Looking like she just crawled out of a garbage disposal or fucked the Swamp Thing on a compost pile, the Barbadian alien strikes a “scratching at my athlete’s foot” pose on November’s cover of Esquire. Esquire’s offices must be located in a world where the Duchess of Alba and the First Lady of Camerooooon don’t exist, because they named RiRi their sexiest woman alive. But I have a feeling RiRi won that title by default, because she’s the only one who raised her hand when Esquire asked who wanted to be photographed looking like the Jolly Green Giant farted her out.
In the issue, RiRi says that even though she does dozens of dry Kama Sutra positions on stage every night, she isn’t just a horny goat who will crotch hump the air if a body or an inmate object is not available.

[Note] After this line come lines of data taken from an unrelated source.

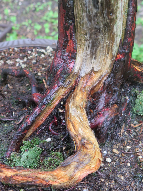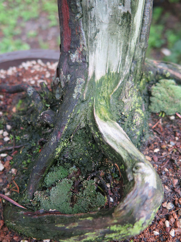 While I had the tree on the bench i also thinned and shaped the live veins a little on the rear of the tree to further define them and ideally encourage them to ‘plump up’. Afterwards I gave the shari areas and jins a good fresh coat of lime sulphur and added some moss while I waited for things to dry. As I was applying the moss i also pulled and tied down the root on the left side that was hovering above the soil surface which I think was an easy improvement to make.
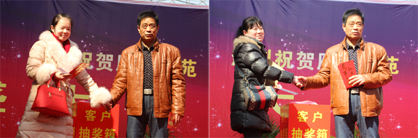 一等奖(3800元现金红包)中奖客户上台领奖
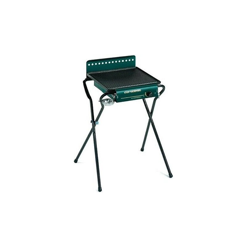 Barbecue con camera di combustione in acciaio verniciato. Bruciatore in lamiera alluminata ad accensione rapida a due rampe. Cappa paravento in acciaio verniciato. Gambe a cavalletto con innesto a baionetta. Ciotola raccoglisugo in acciaio inox. Potenza 3,7 kW. Piastra in ghisa vetrificata 40x43 cm. Dimensioni totali 56x61x84h cm. Peso 14,3 kg.

RiRi claims that she only does first degree ho shit if the song calls for it (examples of her songs that call for it: ALL OF THEM). RiRi then got into some Chris Brown talk and only had nice things to say about his stupid ass:
“It’s incredible to see how he pulled out of it the way he did. Even when the world seemed like it was against him, you know? I really like the music he’s putting out. I’m a fan of his stuff. I’ve always been a fan. Obviously, I had some resentment toward him for a while, for obvious reasons. But I’ve put that behind me. It was taking up too much of my time. It was too much anger. I’m really excited to see the breakthrough he’s had in his career. I would never wish anything horrible for him. Never. I never have.”

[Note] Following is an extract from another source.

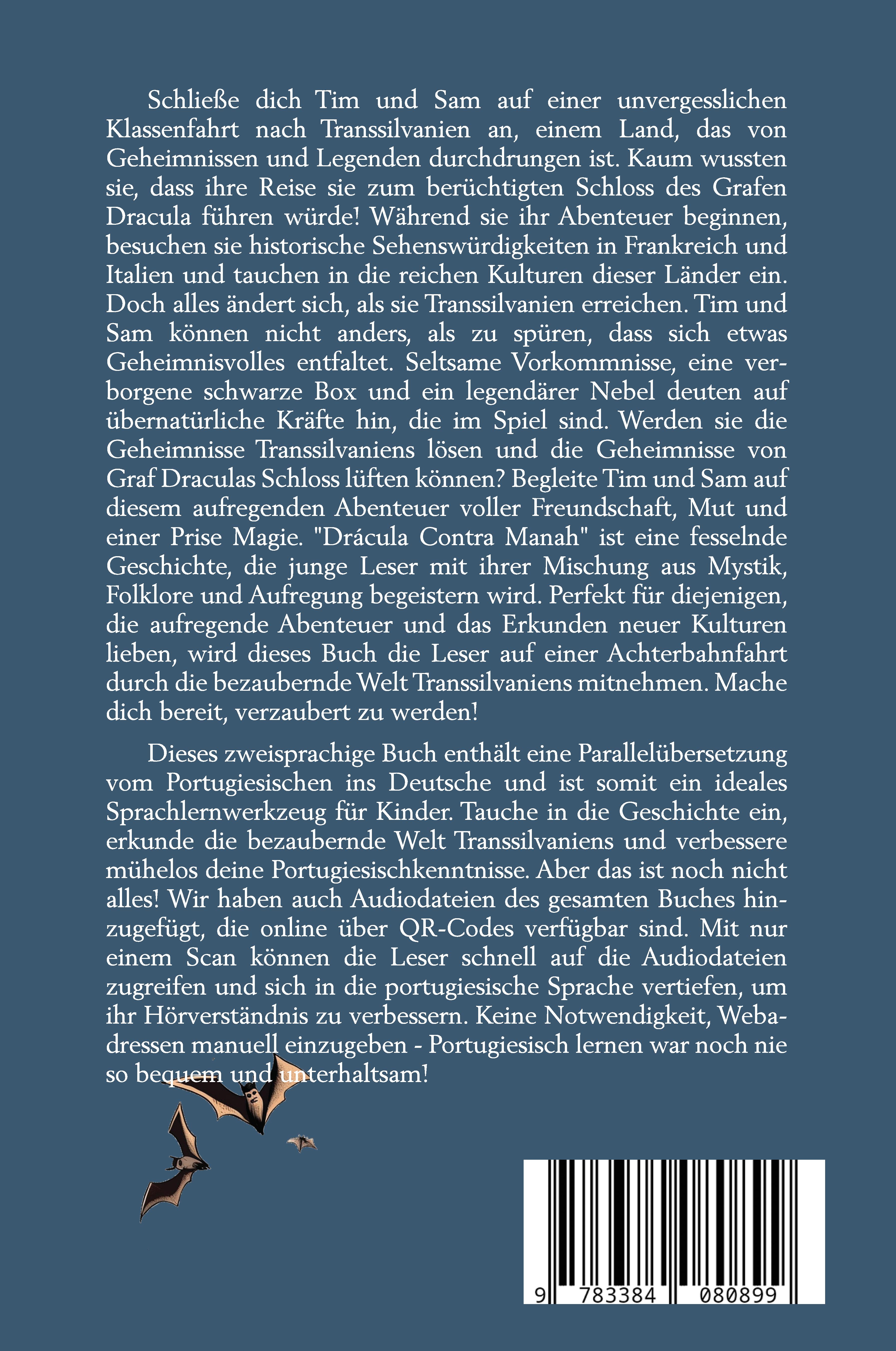 Schließe dich Tim und Sam auf einer unvergesslichen Klassenfahrt nach Transsilvanien an, einem Land, das von Geheimnissen und Legenden durchdrungen ist. Kaum wussten sie, dass ihre Reise sie zum berüchtigten Schloss des Grafen Dracula führen würde! Während sie ihr Abenteuer beginnen, besuchen sie historische Sehenswürdigkeiten in Frankreich und Italien und tauchen in die reichen Kulturen dieser Länder ein. Doch alles ändert sich, als sie Transsilvanien erreichen. Tim und Sam können nicht anders, als zu spüren, dass sich etwas Geheimnisvolles entfaltet. Seltsame Vorkommnisse, eine verborgene schwarze Box und ein legendärer Nebel deuten auf übernatürliche Kräfte hin, die im Spiel sind. Werden sie die Geheimnisse Transsilvaniens lösen und die Geheimnisse von Graf Draculas Schloss lüften können? Begleite Tim und Sam auf diesem aufregenden Abenteuer voller Freundschaft, Mut und einer Prise Magie. "Drácula Contra Manah" ist eine fesselnde Geschichte, die junge Leser mit ihrer Mischung aus Mystik, Folklore und Aufregung begeistern wird. Perfekt für diejenigen, die aufregende Abenteuer und das Erkunden neuer Kulturen lieben, wird dieses Buch die Leser auf einer Achterbahnfahrt durch die bezaubernde Welt Transsilvaniens mitnehmen. Mache dich bereit, verzaubert zu werden!Dieses zweisprachige Buch enthält eine Parallelübersetzung vom Portugiesischen ins Deutsche und ist somit ein ideales Sprachlernwerkzeug für Kinder. Tauche in die Geschichte ein, erkunde die bezaubernde Welt Transsilvaniens und verbessere mühelos deine Portugiesischkenntnisse. Aber das ist noch nicht alles! Wir haben auch Audiodateien des gesamten Buches hinzugefügt, die online über QR-Codes verfügbar sind. Mit nur einem Scan können die Leser schnell auf die Audiodateien zugreifen und sich in die portugiesische Sprache vertiefen, um ihr Hörverständnis zu verbessern. Keine Notwendigkeit, Webadressen manuell einzugeben - Portugiesisch lernen war noch nie so bequem und unterhaltsam!

RiRi, you nasty bitch. “….to see how he pulled out of it the way he did”? RiRi knew exactly what kind of images the Etch-A-Sketch in our brains would draw while reading that line. Chris Brown’s dick is about as long as RiRi’s thirtyhead, so it’ll take an hour or fifty for him to pull out of anything. You can have breakfast, lunch, dinner and three sensible snacks on his shaft as he pulls out. You can recreate the glove on the bottle scene from the Laverne & Shirley opening on his shaft as he slowly pulls out of an ass. RiRi just had to do that to me.
I don’t agree with RiRi, though. Even if you took away the fact that he beat her down, Chris Brown is still a douche bottle full of dick-shaped shits. Chris is just a gigantic anus with a big dick. Great. Now I have the image of a gigantic anus slowly pulling its dick out of another anus. I hate you, RiRi.